### SOURCE DATA
+-------+
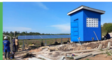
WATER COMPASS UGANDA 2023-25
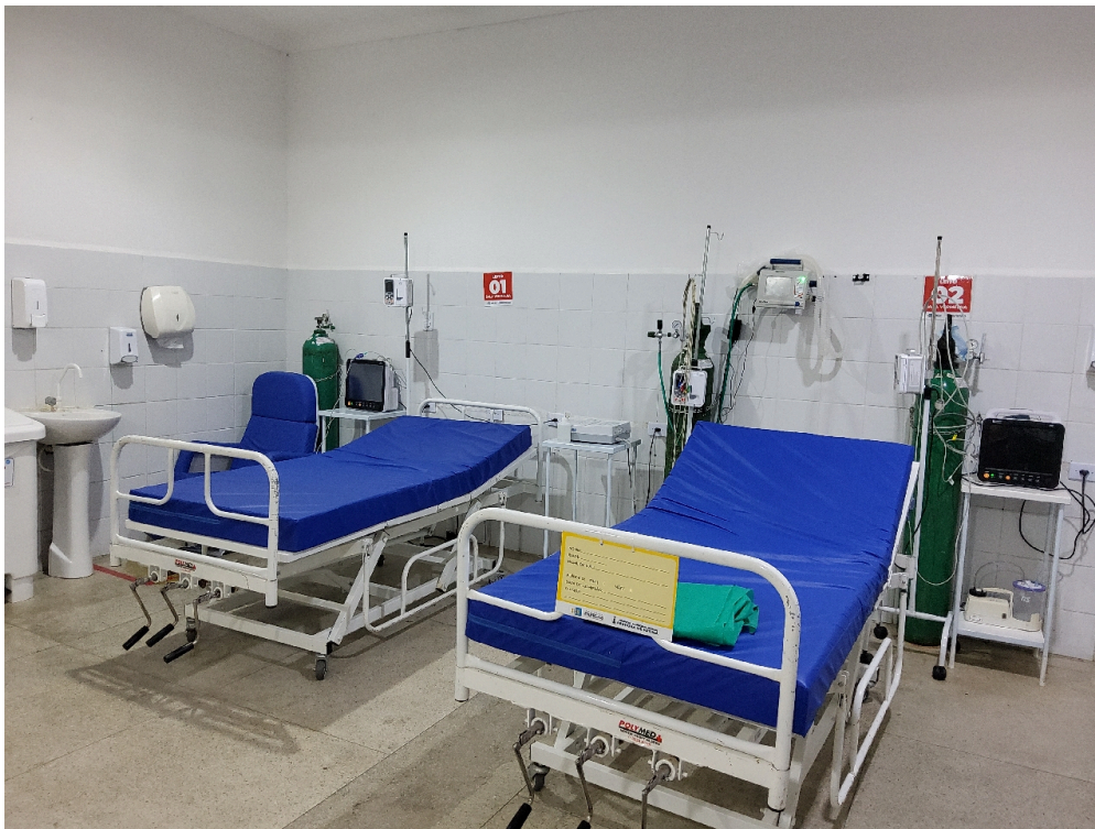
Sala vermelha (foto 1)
+-------+
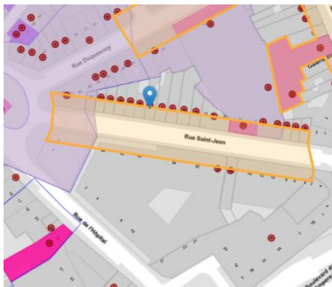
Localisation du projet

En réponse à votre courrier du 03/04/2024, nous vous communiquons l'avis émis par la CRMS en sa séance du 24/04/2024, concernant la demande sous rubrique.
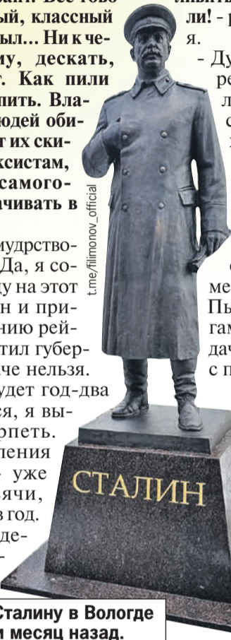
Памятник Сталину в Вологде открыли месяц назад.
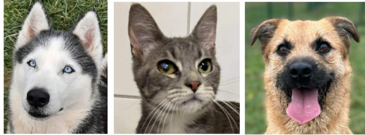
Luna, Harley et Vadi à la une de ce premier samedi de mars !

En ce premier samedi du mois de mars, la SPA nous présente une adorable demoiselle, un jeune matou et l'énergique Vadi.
+-------+
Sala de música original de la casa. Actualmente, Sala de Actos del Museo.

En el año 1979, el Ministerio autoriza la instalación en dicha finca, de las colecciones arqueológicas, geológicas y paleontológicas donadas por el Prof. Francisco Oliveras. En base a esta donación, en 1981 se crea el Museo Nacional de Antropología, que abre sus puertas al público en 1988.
+-------+
### WORK INSTRUCTION
Lines from the one above containing "WATER COMPASS UGANDA 2023-25" down to the one containing "Sala vermelha (foto 1)" should be transcribed exactly, with both ends kept and no pictures.

### ANSWER TO THE PROBLEM
WATER COMPASS UGANDA 2023-25
Sala vermelha (foto 1)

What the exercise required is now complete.